Piper se quedó mirando las vigas de bronce del techo. Su camarote era muy acogedor. Leo había programado las habitaciones para que se ajustaran automáticamente a la temperatura preferida de su ocupante, por lo que nunca hacía demasiado frío ni demasiado calor. El colchón y las almohadas estaban rellenas de plumas de pegaso (Leo le había asegurado que ningún pegaso había sufrido daño en la fabricación de los productos), de modo que eran comodísimos. Del techo colgaba una lámpara de bronce que brillaba con la intensidad deseada por Piper. En los lados de la lámpara había agujeros perforados y, por las noches, relucientes constelaciones flotaban sobre las paredes.

Piper tenía tantas cosas dándole vueltas a la cabeza que pensaba que no se dormiría. Sin embargo, había algo apacible en el balanceo del barco y el zumbido de los remos aéreos mientras se movían a través del cielo.

Al final, le empezaron a pesar los párpados y se durmió.

Parecía que solo hubieran pasado unos segundos cuando se despertó con el sonido de la campana del desayuno.

—¡Hola, Piper! —Leo llamó a su puerta—. ¡Estamos aterrizando!

—¿Aterrizando?

Ella se incorporó aturdida.

Leo abrió la puerta y asomó la cabeza. Tenía los ojos tapados con la mano, y habría sido un bonito gesto si no hubiera estado mirando entre los dedos.

—¿Estás visible?

—¡Leo!

—Lo siento —el chico sonrió—. Eh, bonito pijama de los Power Rangers.

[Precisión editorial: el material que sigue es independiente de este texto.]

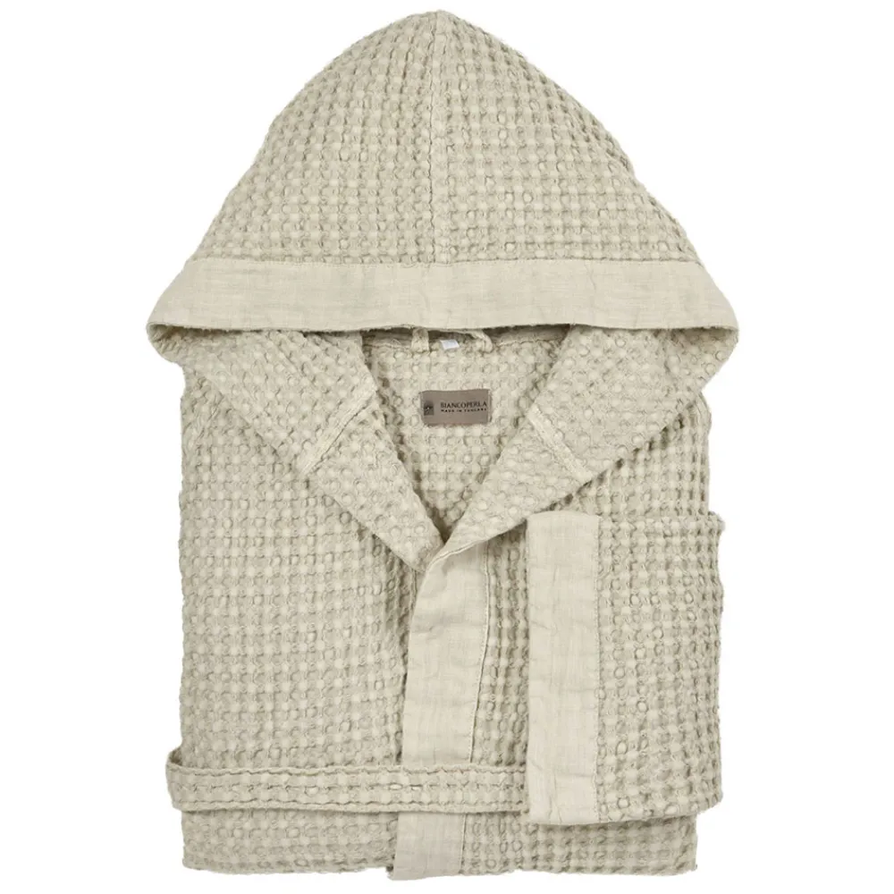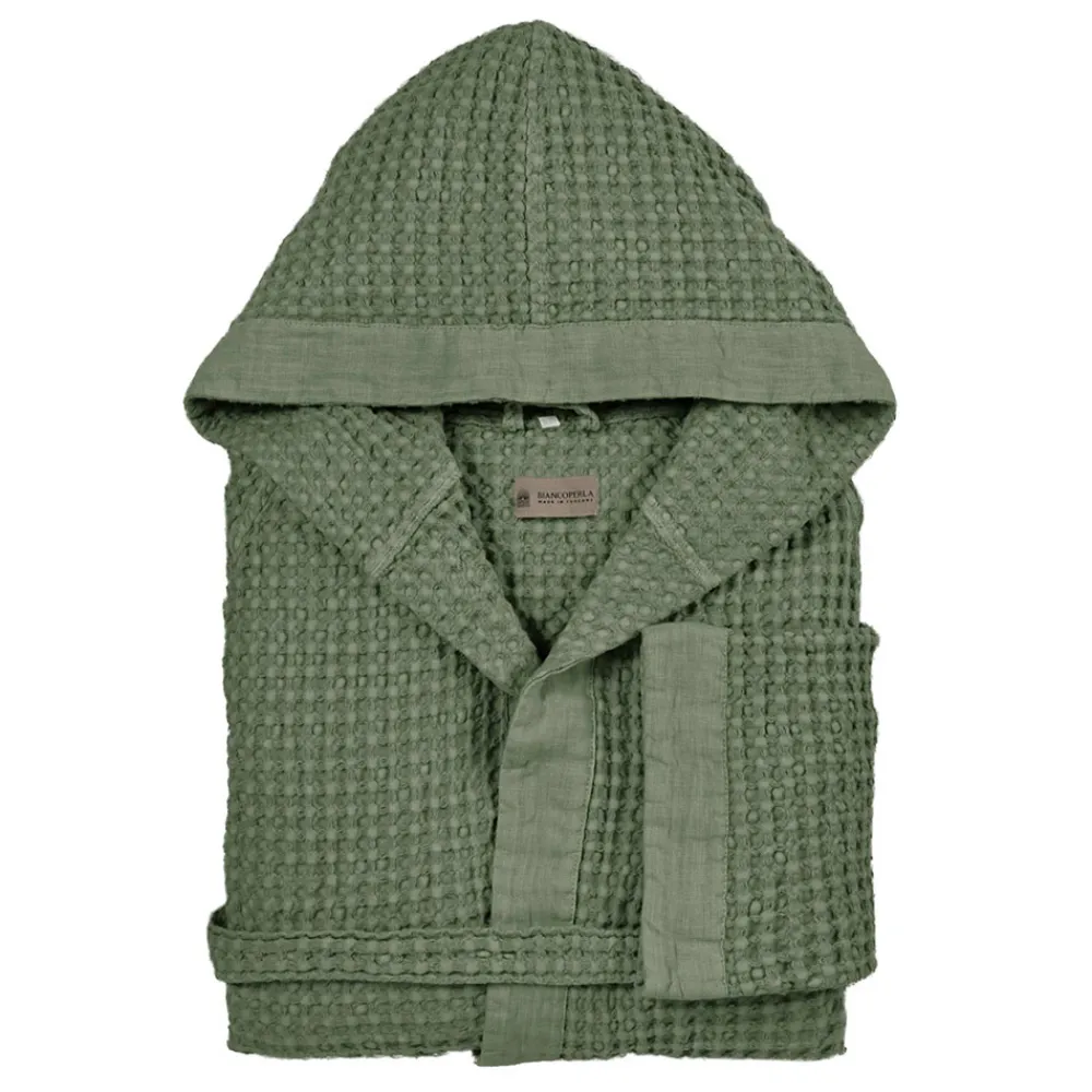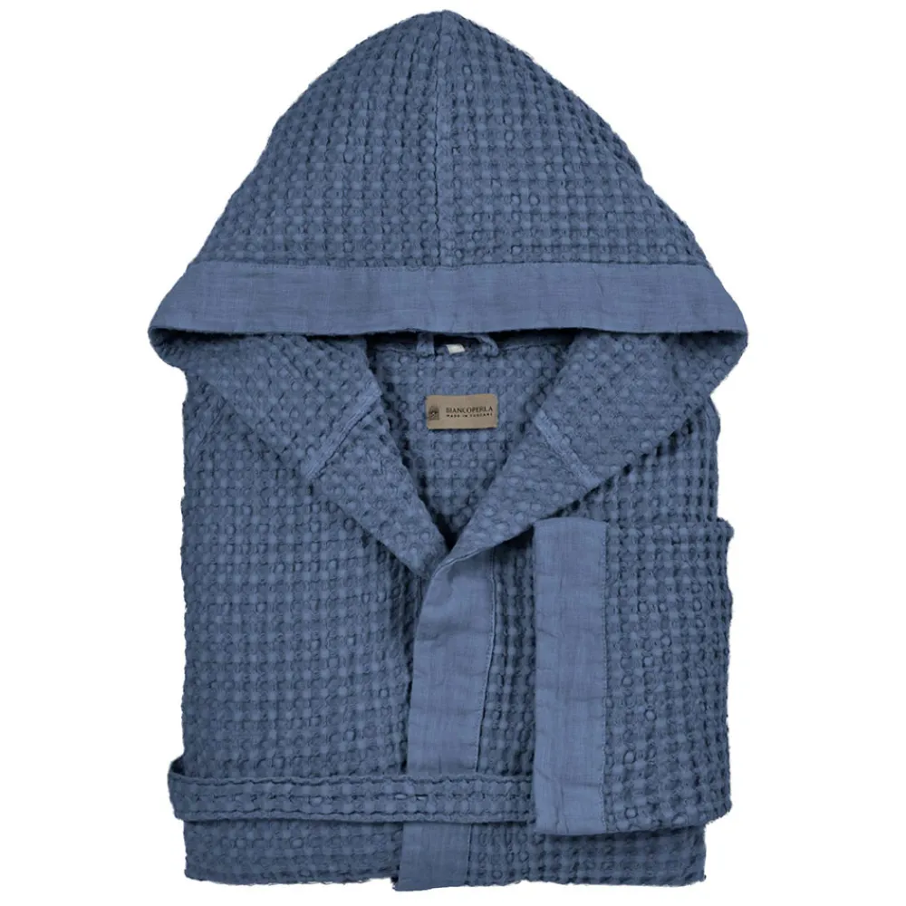 Bademantel mit Kapuze aus Baumwollwabengewebe mit Leinenvolant, komplett stückgefärbt. Das zerknitterte und abgenutzte Gefühl des Stoffes ist das Wesen der Stückfärbetechnik und die erzielten Farbtöne sind unwiederholbar: Das gleiche Farbbad kann tatsächlich leicht unterschiedliche Nuancen erzeugen, die Ihr Kleidungsstück einzigartig und exklusiv machen. Dieser Artikel wird in Italien nach der toskanischen Textilhandwerkstradition hergestellt und verpackt.

—¡No son Power Rangers! ¡Son águilas cherokee!

—Sí, claro. En fin, vamos a aterrizar a pocos kilómetros a las afueras de Topeka, como pediste. Y, ejem… —echó un vistazo al pasillo y a continuación asomó de nuevo la cabeza en el camarote—. Gracias por no guardarme rencor por disparar a los romanos ayer.

Piper se frotó los ojos. ¿El banquete en la Nueva Roma había sido ayer?

—No pasa nada, Leo. No eras dueño de ti mismo.

—Sí, pero aun así… no tenías por qué defenderme.

—¿Estás de coña? Eres como el pesado hermano pequeño que nunca tuve. Pues claro que te defenderé.

—Esto… ¿gracias?

El entrenador Hedge gritó desde arriba:

—¡Por allí sopla! ¡Kansas a la vista!

—¡Hefesto bendito! —murmuró Leo—. Ese sátiro tiene que modernizar su jerga marítima. Será mejor que suba.

Después de ducharse, cambiarse y coger un bollo en el comedor, Piper oyó que el tren de aterrizaje del barco se desplegaba. Subió a la cubierta y se reunió con los demás mientras el Argo IIse posaba en medio de un campo de girasoles. Los remos se replegaron. La plancha descendió.

El aire matutino olía a riego, plantas calientes y tierra fertilizada. No era un mal aroma. A Piper le recordó el olor de la casa de su abuelo Tom en Tahlequah, Oklahoma, en la reserva.

Percy la vio primero. La saludó con una sonrisa, un gesto que por algún motivo sorprendió a Piper. Llevaba unos tejanos descoloridos y una camiseta naranja del Campamento Mestizo nueva, como si nunca se hubiera separado del bando griego. Probablemente la ropa nueva había contribuido a mejorar su humor… y, claro está, el hecho de encontrarse junto al pasamanos rodeando a Annabeth con el brazo.

Piper se alegró de ver a Annabeth con los ojos brillantes, pues nunca había tenido una amiga mejor que ella. Durante meses, Annabeth había estado torturándose, dedicando cada minuto del día a buscar a Percy. En ese momento, a pesar de la arriesgada misión a la que se enfrentaban, por lo menos había recuperado a su novio.

—¡Bueno! —Annabeth le arrebató a Piper el bollo de la mano y le dio un mordisco, pero a Piper no le molestó. En el campamento bromeaban continuamente robándose el desayuno una a la otra—. Aquí estamos. ¿Cuál es el plan?

—Quiero inspeccionar la carretera —dijo Piper—. Quiero encontrar el letrero en el que pone: «Topeka 51».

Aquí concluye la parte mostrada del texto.